For our analysis, we will be focusing on `title`, `num_comments`, and `created_at` columns. The `title` and `created_at` columns can be useful to segment our data, while the `num_comments` column can be used to measure the user engagement.

# Data Analysis

## Post Types Comparison

On our analysis, we will focus on comparing `Ask HN` and `Show HN` posts to understand which type of post is more popular. A user may submit `Ask HN` post to ask the community a specific question, while `Show HN` post is where a user show a project, product or just generally something interesting.
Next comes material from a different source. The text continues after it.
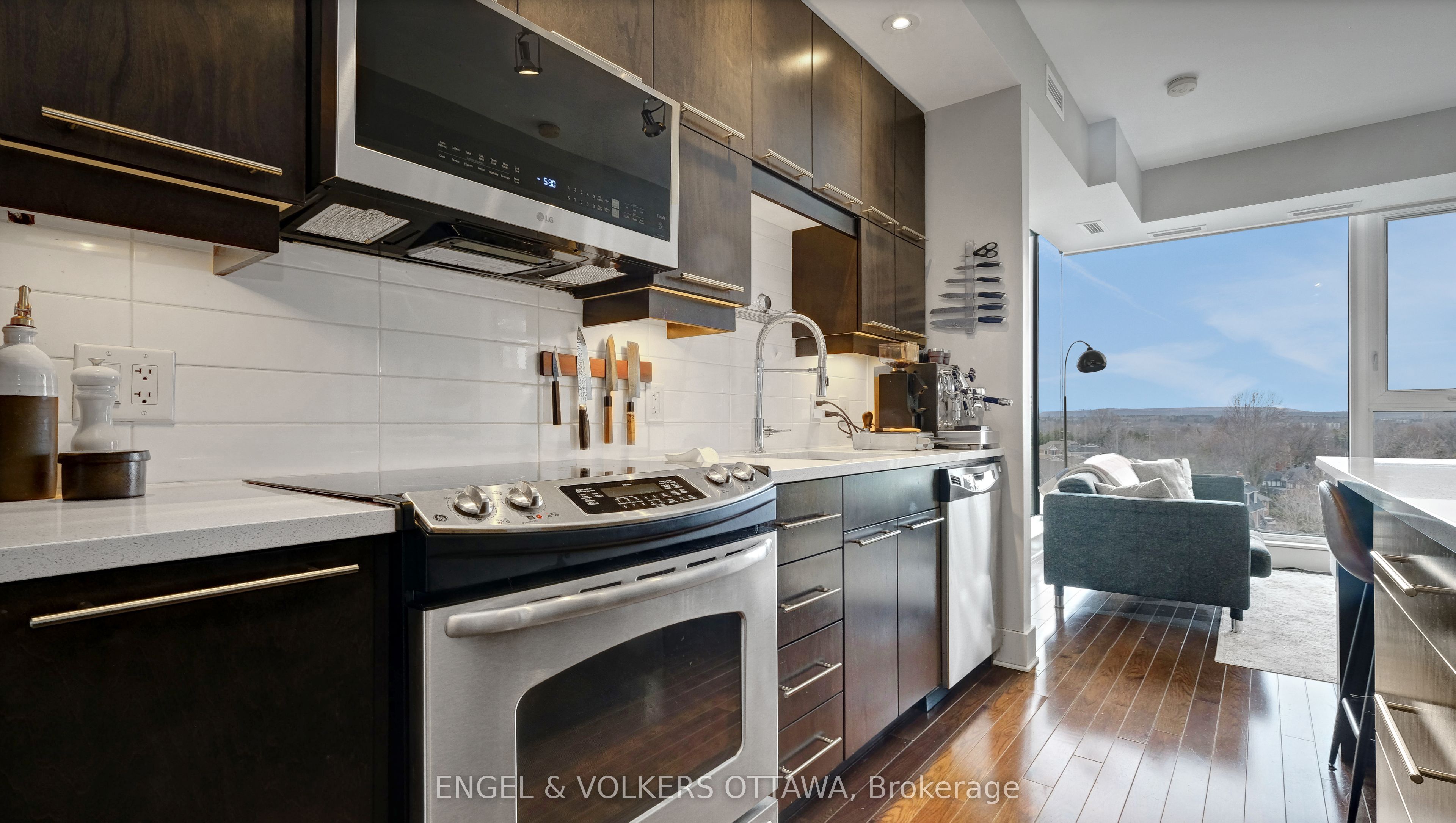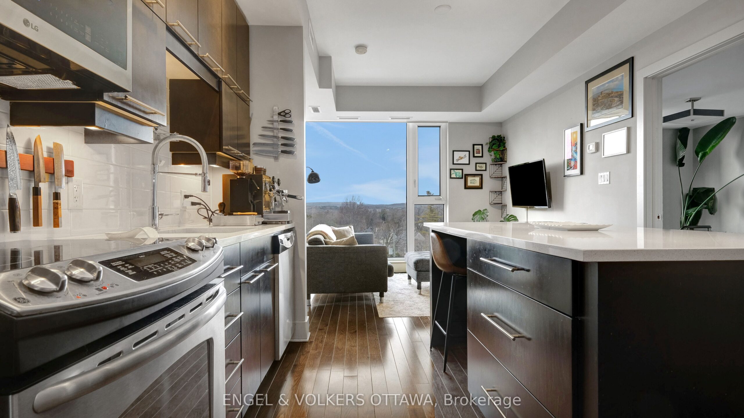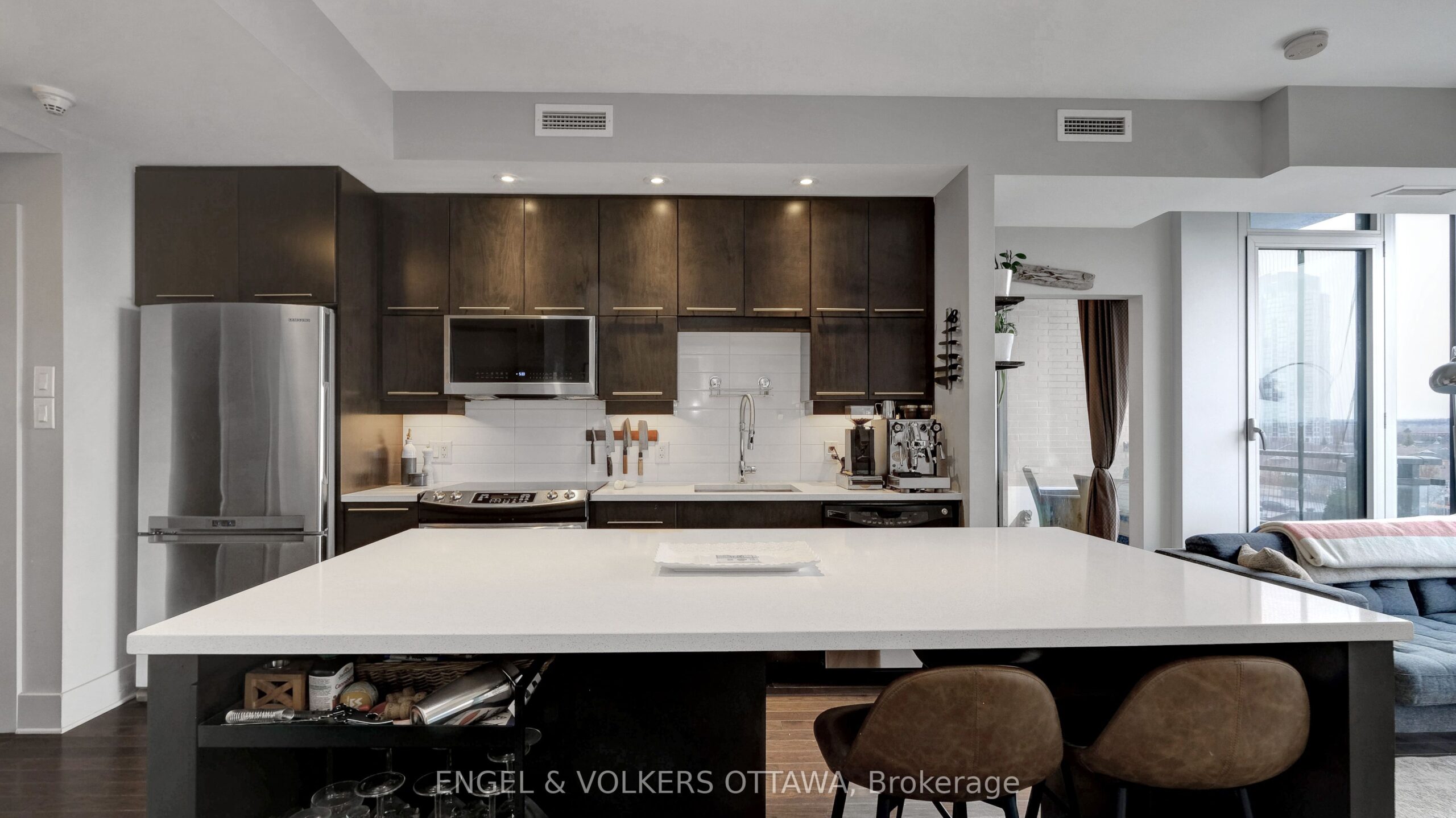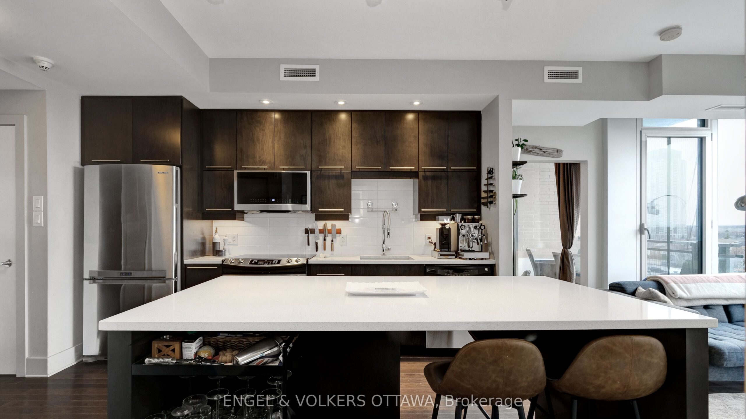 Welcome to Suite 509 at 101 Richmond Road, a beautiful 2 bedroom, 2 bathroom condo ideally situated in the heart of Westboro. This well-designed unit offers a bright, open-concept layout with modern finishes, balancing everyday comfort with functional living. Past the spacious entry, the kitchen is thoughtfully laid out with sleek cabinetry, a large island, quartz countertops, tile backsplash, and stainless steel appliances, flowing seamlessly into the bright and inviting living room. Large windows flood the unit with natural light and offer beautiful views of the Gatineau Hills. Hardwood flooring runs through the main living areas, with tile in the bathrooms, and the unit features a clean, modern aesthetic throughout. Both bedrooms are well sized, including a primary suite with its own en-suite bathroom, offering privacy and functionality. The spacious balcony provides extra room to lounge, relax and enjoy the outdoors. Located in one of Ottawa’s most sought-after neighbourhoods, you’re just a short walk to shops, cafés, restaurants, and the Ottawa River pathways. Building amenities include a fitness centre, party room, theatre room, rooftop terrace, and car wash bay. Unit includes one underground parking space, one storage locker, and a bike rack. This is great value and urban living done right! Minimum 1-year lease, subject to credit and reference checks, and requires proof of income or employment and valid government-issued ID.

We can segment the data by using the first couple of strings of the `title` column.

In [2]:
# Create empty list for each post type
ask_posts  = []
show_posts = []
other_posts = []

for row in hn:
    title = row[1]                      # Use the title column
    title = title.lower()               # Converts the title to all lower case
    if title.startswith('ask hn'):      # Adds post to ask_posts list if it starts with 'ask hn'
        ask_posts.append(row)
    elif title.startswith('show hn'):   # Adds post to show_posts list if it starts with 'show hn'
        show_posts.append(row)
    else:                               # Adds the rest of the post to other_posts list
        other_posts.append(row)

# Check the number of posts on each list
print(len(ask_posts))
print(len(show_posts))
print(len(other_posts))
print('\n')

# Confirm that the list contains the correct types of post
print(ask_posts[0:5])
print('\n')
print(show_posts[0:5])

9139
10158
273822


[['12578908', 'Ask HN: What TLD do you use for local development?', '', '4', '7', 'Sevrene', '9/26/2016 2:53'], ['12578522', 'Ask HN: How do you pass on your work when you die?', '', '6', '3', 'PascLeRasc', '9/26/2016 1:17'], ['12577908', 'Ask HN: How a DNS problem can be limited to a geographic region?', '', '1', '0', 'kuon', '9/25/2016 22:57'], ['12577870', 'Ask HN: Why join a fund when you can be an angel?', '', '1', '3', 'anthony_james', '9/25/2016 22:48'], ['12577647', 'Ask HN: Someone uses stock trading as passive income?', '', '5', '2', '00taffe', '9/25/2016 21:50']]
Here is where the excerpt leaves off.